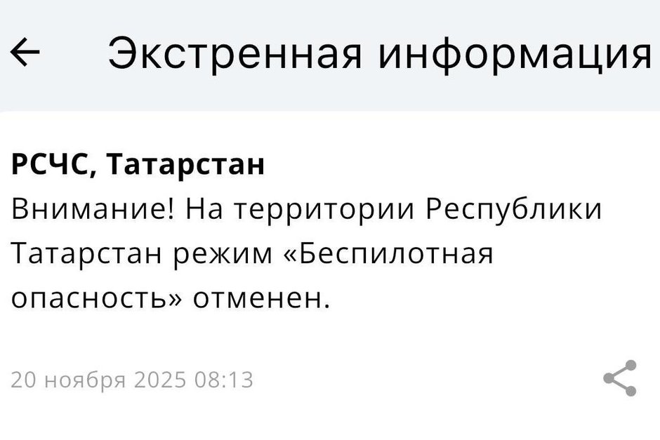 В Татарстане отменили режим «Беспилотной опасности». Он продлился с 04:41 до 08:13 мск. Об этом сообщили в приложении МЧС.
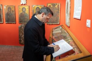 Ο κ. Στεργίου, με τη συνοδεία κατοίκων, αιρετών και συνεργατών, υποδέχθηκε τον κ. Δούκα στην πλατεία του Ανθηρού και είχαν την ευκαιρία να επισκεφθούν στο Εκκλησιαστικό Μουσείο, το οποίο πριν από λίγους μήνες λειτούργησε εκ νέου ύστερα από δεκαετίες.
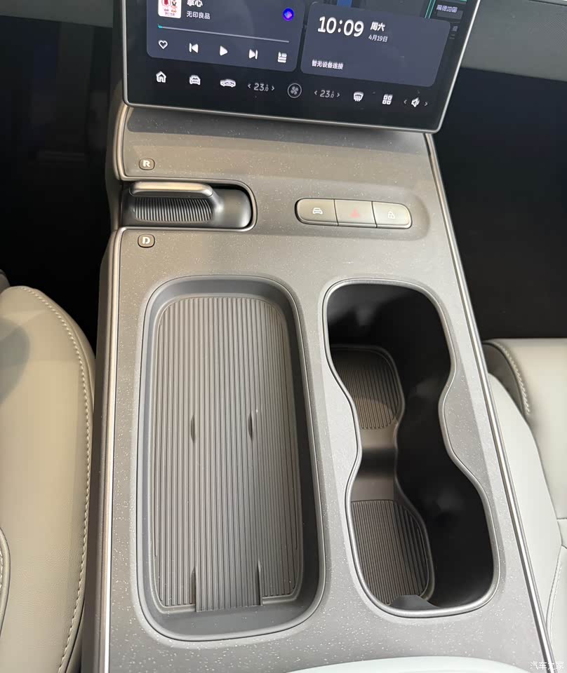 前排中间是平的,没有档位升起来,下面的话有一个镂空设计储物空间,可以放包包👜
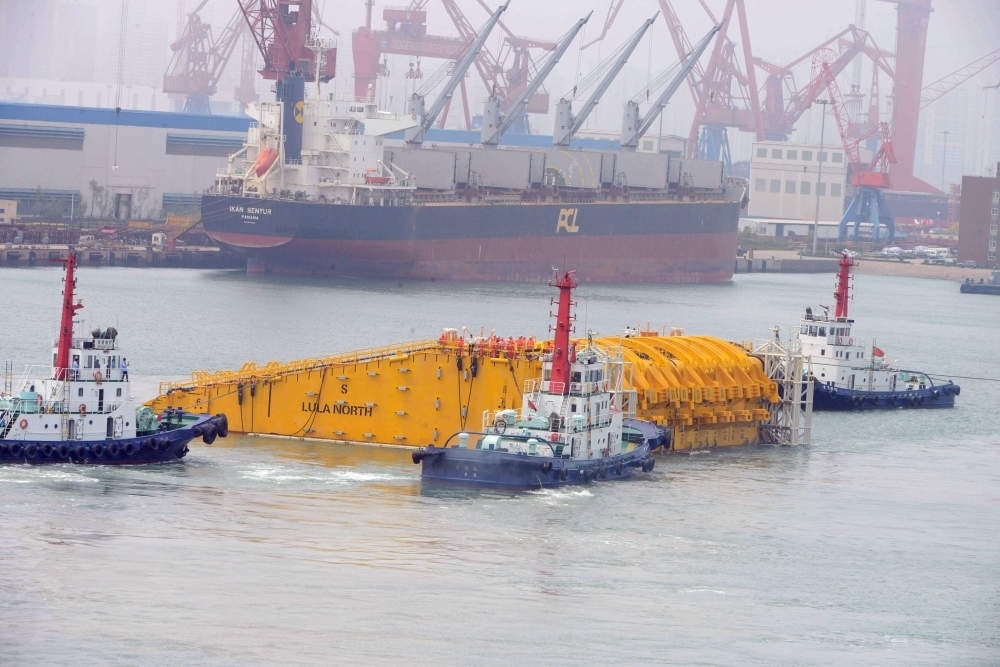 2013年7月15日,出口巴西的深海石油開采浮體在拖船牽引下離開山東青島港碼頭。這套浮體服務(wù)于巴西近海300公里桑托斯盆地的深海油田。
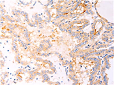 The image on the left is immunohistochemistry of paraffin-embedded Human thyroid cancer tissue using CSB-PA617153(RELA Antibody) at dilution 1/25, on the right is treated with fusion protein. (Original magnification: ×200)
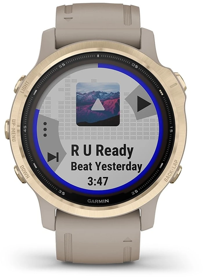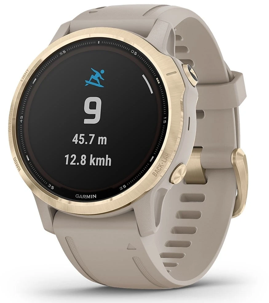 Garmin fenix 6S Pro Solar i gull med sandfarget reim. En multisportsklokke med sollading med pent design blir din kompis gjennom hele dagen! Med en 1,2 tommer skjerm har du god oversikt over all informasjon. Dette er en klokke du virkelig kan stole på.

::::::::::

### Task
Excluding the pictures, restate word for word the lines from the one that holds "2013年7月15日,出口巴" through the last line of the entries, both ends included.

### Answer
 2013年7月15日,出口巴西的深海石油開采浮體在拖船牽引下離開山東青島港碼頭。這套浮體服務(wù)于巴西近海300公里桑托斯盆地的深海油田。
 The image on the left is immunohistochemistry of paraffin-embedded Human thyroid cancer tissue using CSB-PA617153(RELA Antibody) at dilution 1/25, on the right is treated with fusion protein. (Original magnification: ×200)
 Garmin fenix 6S Pro Solar i gull med sandfarget reim. En multisportsklokke med sollading med pent design blir din kompis gjennom hele dagen! Med en 1,2 tommer skjerm har du god oversikt over all informasjon. Dette er en klokke du virkelig kan stole på.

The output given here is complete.